◆ **Action item**:
Print the entries exactly as they appear, and omit any images.

[Data items]
□ □ □ □ □
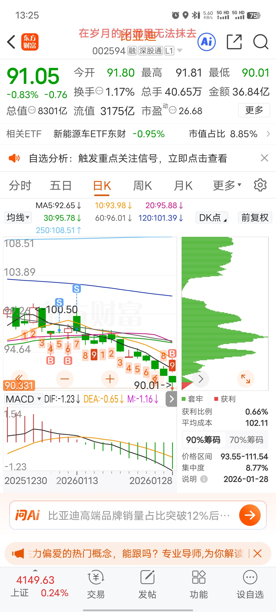 $比亚迪(SZ002594)$ 加油啊笛子!
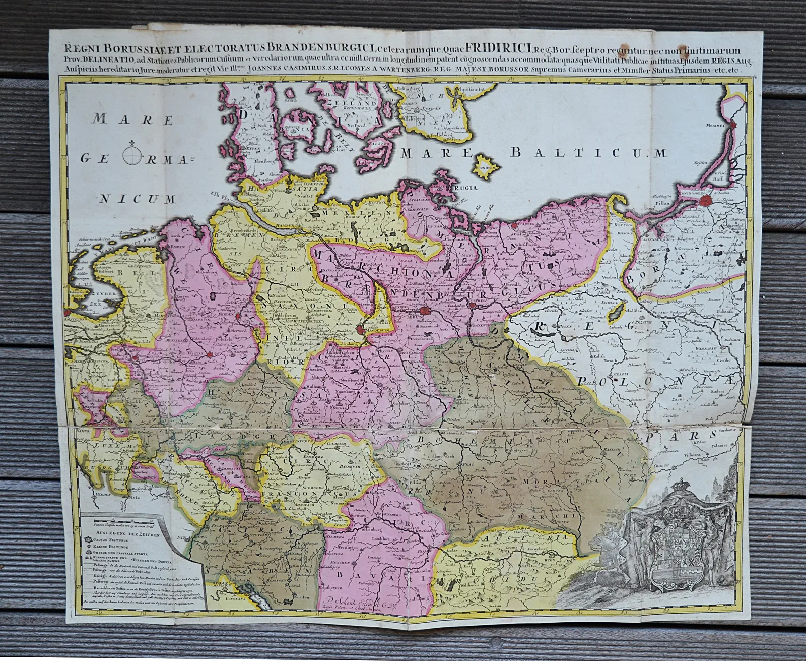 Comme en témoigne la première carte insérée après la liste manuscrite, cet atlas semble provenir d’une congrégation jésuite allemande (« Provinciae Rheni Inferioris Soc. Iesu. »). Il est composé de 52 cartes provenant de l’atlas de Christoph Weigel (sur 70), et de deux grandes cartes dépliantes reliées à l’époque (Regni Borussiae et Electoratus Brandenburgici & Theatrum Belli Rhenani).
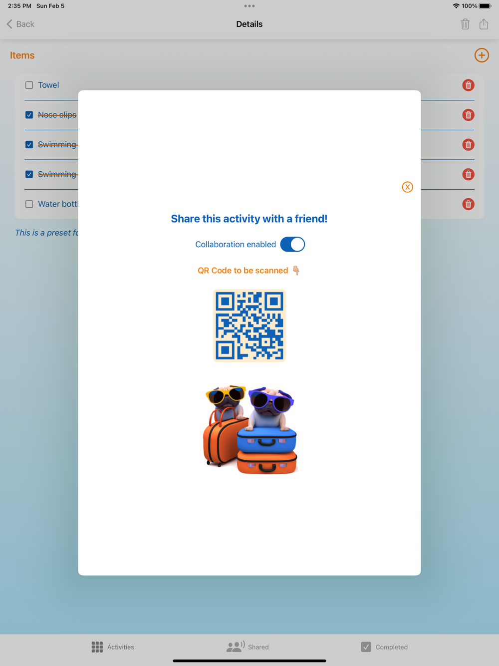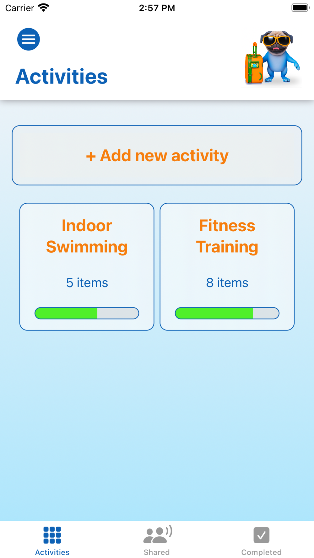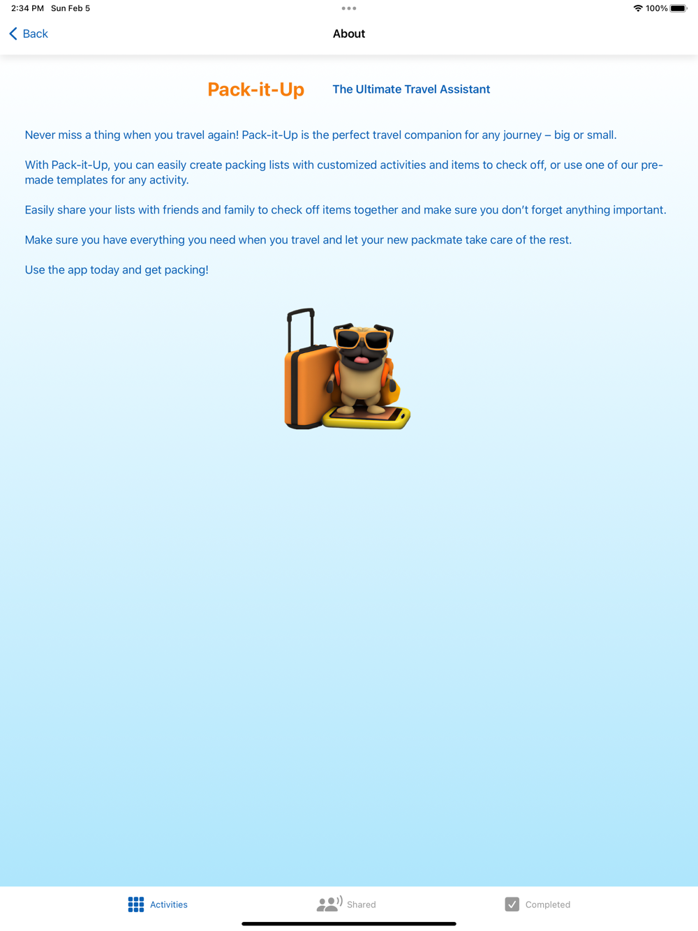 With Pack-it-Up, you can easily create packing lists with customised activities and items to check off, or use one of our pre-made templates for any activity.
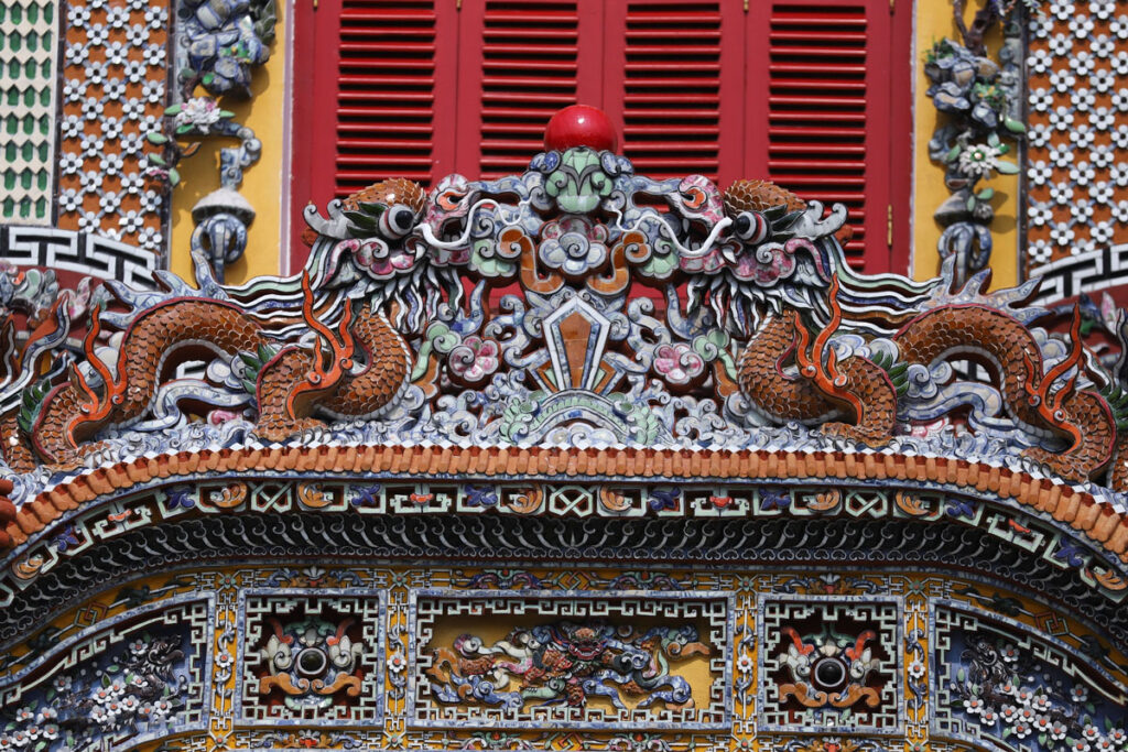 Unlike other buildings in Hue, the facade here is richly decorated with many porcelain and glass motifs. These details are highly elaborate and give the palace a more ornate and more Western feel than the other buildings in the citadel.
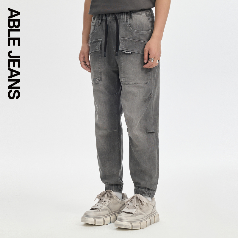 ABLE JEANS【工程师束脚滑板裤】男士水洗深烟灰工装牛仔裤
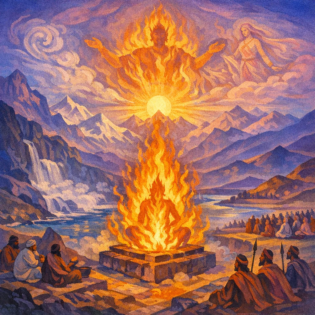 RV 2.1 invokes Agni as the all-born, ever-pure fire who arises from heaven’s brilliance, from waters, stone, wood, and plants, and who is kindled within the human household and heart. The hymn praises Agni’s many relational forms—father, brother, son, and friend—while asking him to lead worshippers and patrons toward prosperity, protection, and a “vast” (bṛhat) utterance in the assembly.
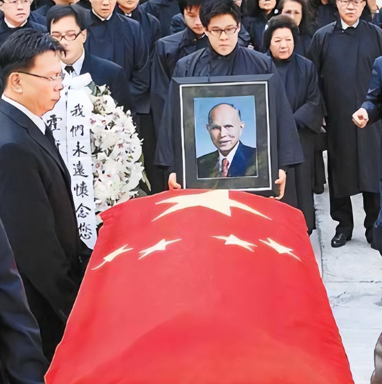 送葬的棺椁不仅外盖红旗,警车开道,而且还有赌王何鸿燊和李嘉诚等人为其扶灵,
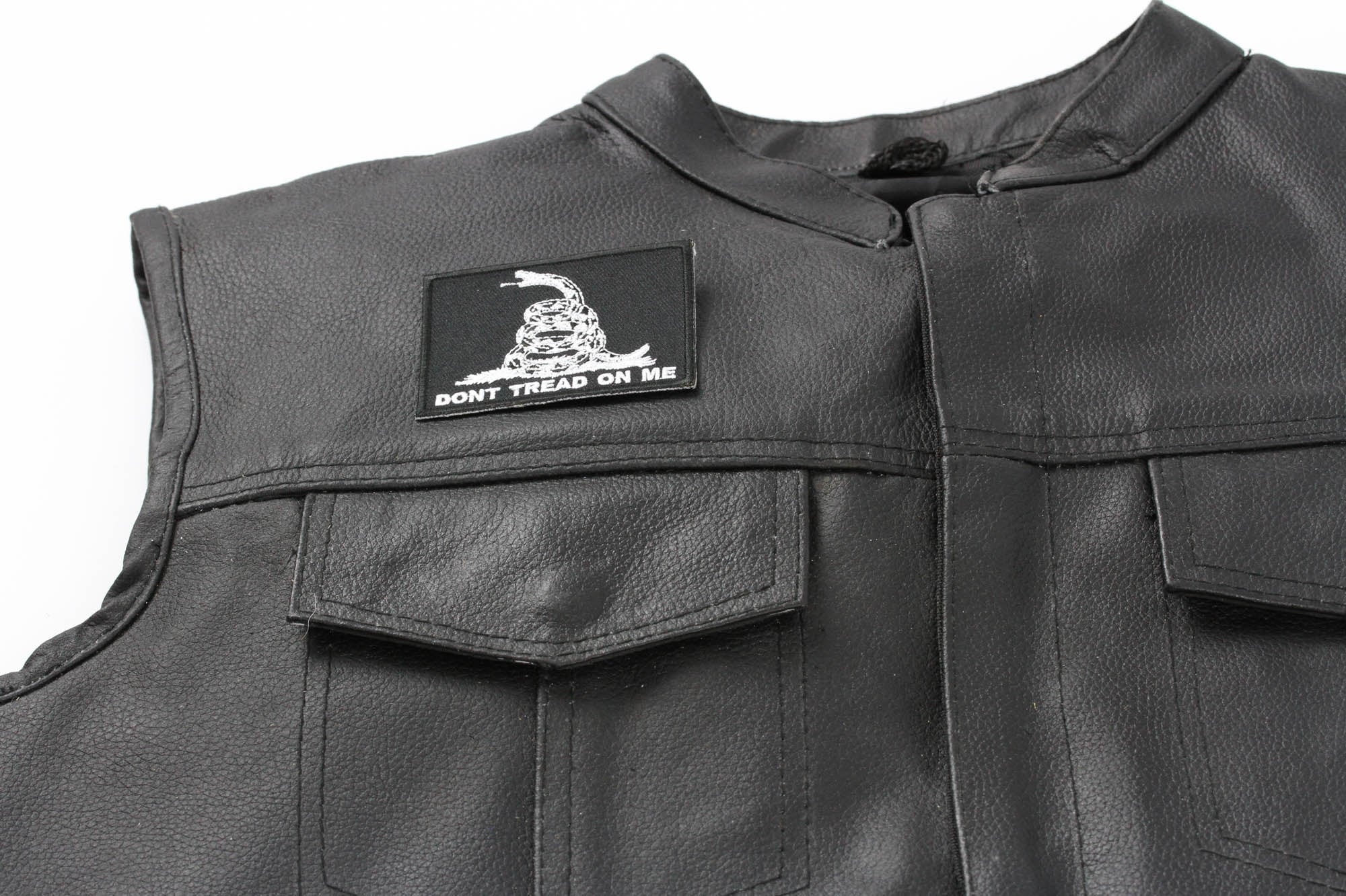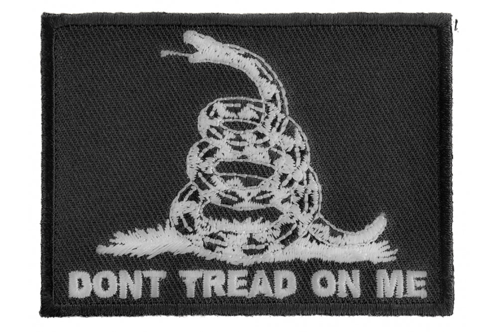 • This is a black and white version of the Don't Tread on Me Patch measuring 3x2 inches. Also known as the Gadsden flag. The original American flag. The tea party flag. We know some of you belong to clubs and cannot have the original colored version on your club vests so here it is in black and white. The meaning behind the flag is the coiled rattle snake will keep its defense and will strike if attacked upon, so Don't Tread on Me is the message to the enemy.
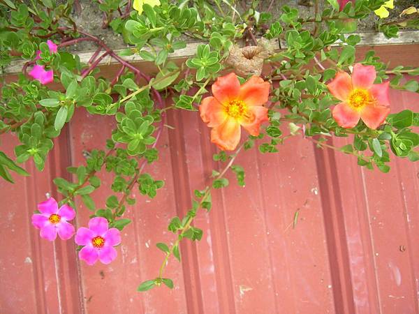 上禮拜去買東西特地繞到那戶種彩虹馬齒莧的人家去看花長怎樣,我只是騎過去沒有停下來,因為我知道我只要一停下來手就會去摘它,所以不敢停望著花直接騎過去,一回頭眼光對上了一個人,原來是幫兇,幫我摘她鄰居的彩虹馬齒莧給我的阿婆,她看到我裂嘴微微笑跟我擦身走過,我也直笑跟她行注目禮但沒有停下來,目送她進門,原來她沒有忘記我,大概是想起那天的事,如果有停下來她問我是不是又來偷花的?我一定會告訴她,我是特地專程來看妳的
□ □ □ □ □
◆ **Answer to the exercise**:
 $比亚迪(SZ002594)$ 加油啊笛子!
 Comme en témoigne la première carte insérée après la liste manuscrite, cet atlas semble provenir d’une congrégation jésuite allemande (« Provinciae Rheni Inferioris Soc. Iesu. »). Il est composé de 52 cartes provenant de l’atlas de Christoph Weigel (sur 70), et de deux grandes cartes dépliantes reliées à l’époque (Regni Borussiae et Electoratus Brandenburgici & Theatrum Belli Rhenani).
 With Pack-it-Up, you can easily create packing lists with customised activities and items to check off, or use one of our pre-made templates for any activity.
 Unlike other buildings in Hue, the facade here is richly decorated with many porcelain and glass motifs. These details are highly elaborate and give the palace a more ornate and more Western feel than the other buildings in the citadel.
 ABLE JEANS【工程师束脚滑板裤】男士水洗深烟灰工装牛仔裤
 RV 2.1 invokes Agni as the all-born, ever-pure fire who arises from heaven’s brilliance, from waters, stone, wood, and plants, and who is kindled within the human household and heart. The hymn praises Agni’s many relational forms—father, brother, son, and friend—while asking him to lead worshippers and patrons toward prosperity, protection, and a “vast” (bṛhat) utterance in the assembly.
 送葬的棺椁不仅外盖红旗,警车开道,而且还有赌王何鸿燊和李嘉诚等人为其扶灵,
 • This is a black and white version of the Don't Tread on Me Patch measuring 3x2 inches. Also known as the Gadsden flag. The original American flag. The tea party flag. We know some of you belong to clubs and cannot have the original colored version on your club vests so here it is in black and white. The meaning behind the flag is the coiled rattle snake will keep its defense and will strike if attacked upon, so Don't Tread on Me is the message to the enemy.
 上禮拜去買東西特地繞到那戶種彩虹馬齒莧的人家去看花長怎樣,我只是騎過去沒有停下來,因為我知道我只要一停下來手就會去摘它,所以不敢停望著花直接騎過去,一回頭眼光對上了一個人,原來是幫兇,幫我摘她鄰居的彩虹馬齒莧給我的阿婆,她看到我裂嘴微微笑跟我擦身走過,我也直笑跟她行注目禮但沒有停下來,目送她進門,原來她沒有忘記我,大概是想起那天的事,如果有停下來她問我是不是又來偷花的?我一定會告訴她,我是特地專程來看妳的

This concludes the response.